## Data segment
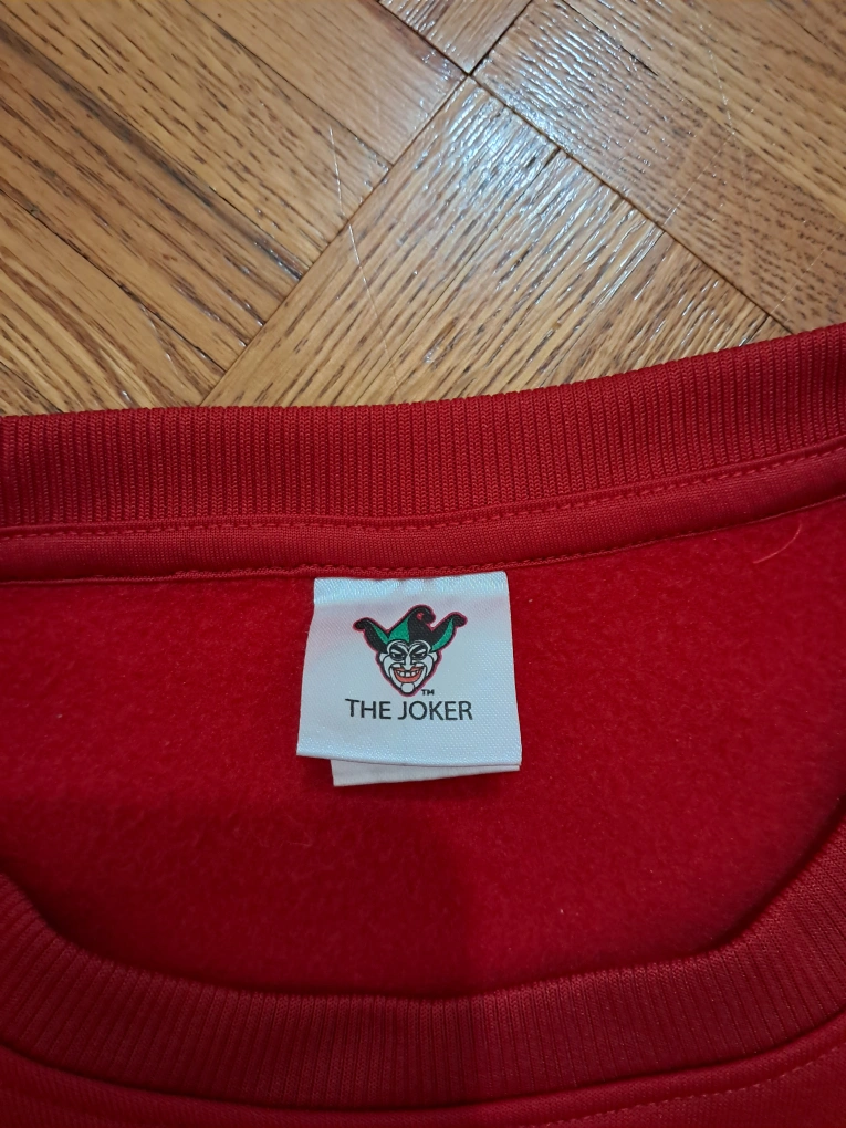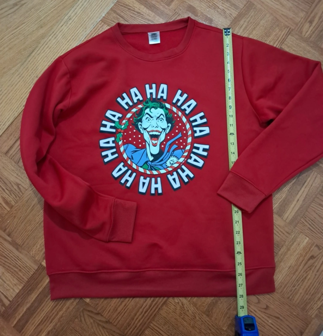 216Red long-sleeved sweater with a graphic of The Joker laughing. Has a festive Christmas theme.
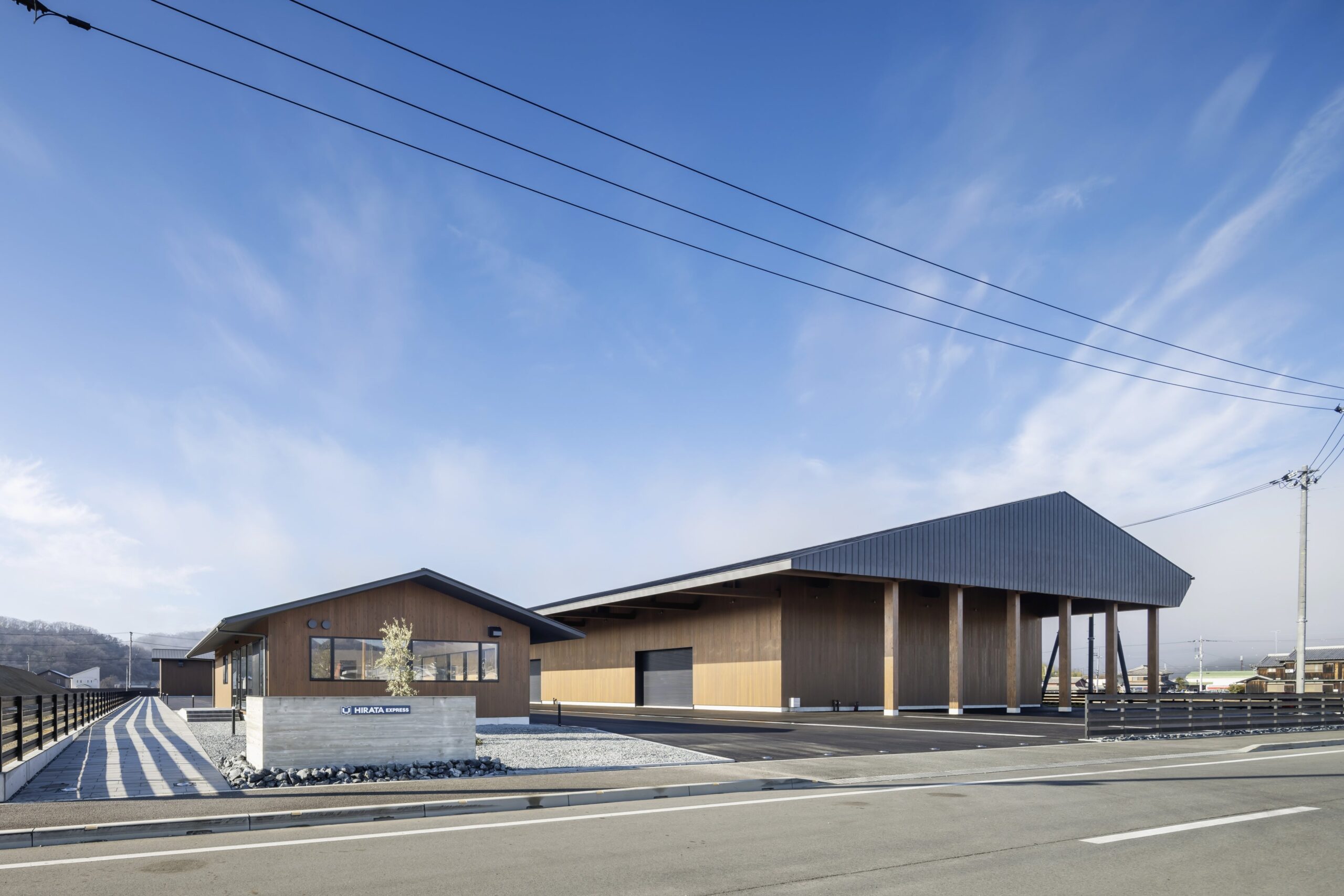 中核となる倉庫棟はトラス工法により柱のない空間を確保し、梁下高さは約9mです。構造材は39cm角で、同社は大阪・関西万博の大屋根リングと「ほぼ同サイズ」としています。事務所棟は約40坪、休憩棟は約22坪で避難場所としても機能する多目的スペースを設けました。車両看板作業棟(約44坪)ではトラック看板塗装の内製化を進め、外部向け提供も視野に入れます。
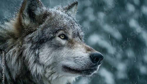 © stok, Obraz premium Gray Wolf in Snowy Forest.
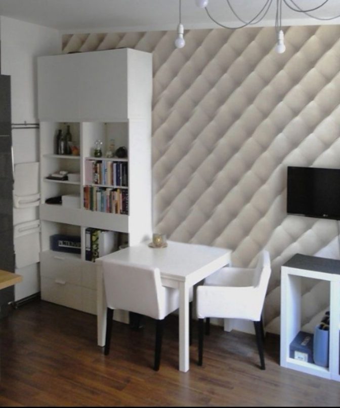 Mieszkanie (35m2) składa się z łazienki, salonu połączonego z kuchnią oraz sypialni z garderoba. Urządzono je stylowo i funkcjonalnie, mnóstwo szafek i półek gwarantuje miejsce do przechowywania. Na wyposażeniu jest rozkładana dwu-osobowa kanapa, stół z wygodnymi krzesłami oraz TV z kablówką. Aneks kuchenny jest wyposażony w lodówkę w zabudowie, piekarnik i płytę elektryczną. W łazience znajduje się pralka. Prysznic jest wyposażony w deszczownicę.

## Problem to work on
Give back exactly the lines from the first line of the data through the line with "中核となる倉庫棟はトラス工法", pictures excluded.

## Answer to this exercise
 216Red long-sleeved sweater with a graphic of The Joker laughing. Has a festive Christmas theme.
 中核となる倉庫棟はトラス工法により柱のない空間を確保し、梁下高さは約9mです。構造材は39cm角で、同社は大阪・関西万博の大屋根リングと「ほぼ同サイズ」としています。事務所棟は約40坪、休憩棟は約22坪で避難場所としても機能する多目的スペースを設けました。車両看板作業棟(約44坪)ではトラック看板塗装の内製化を進め、外部向け提供も視野に入れます。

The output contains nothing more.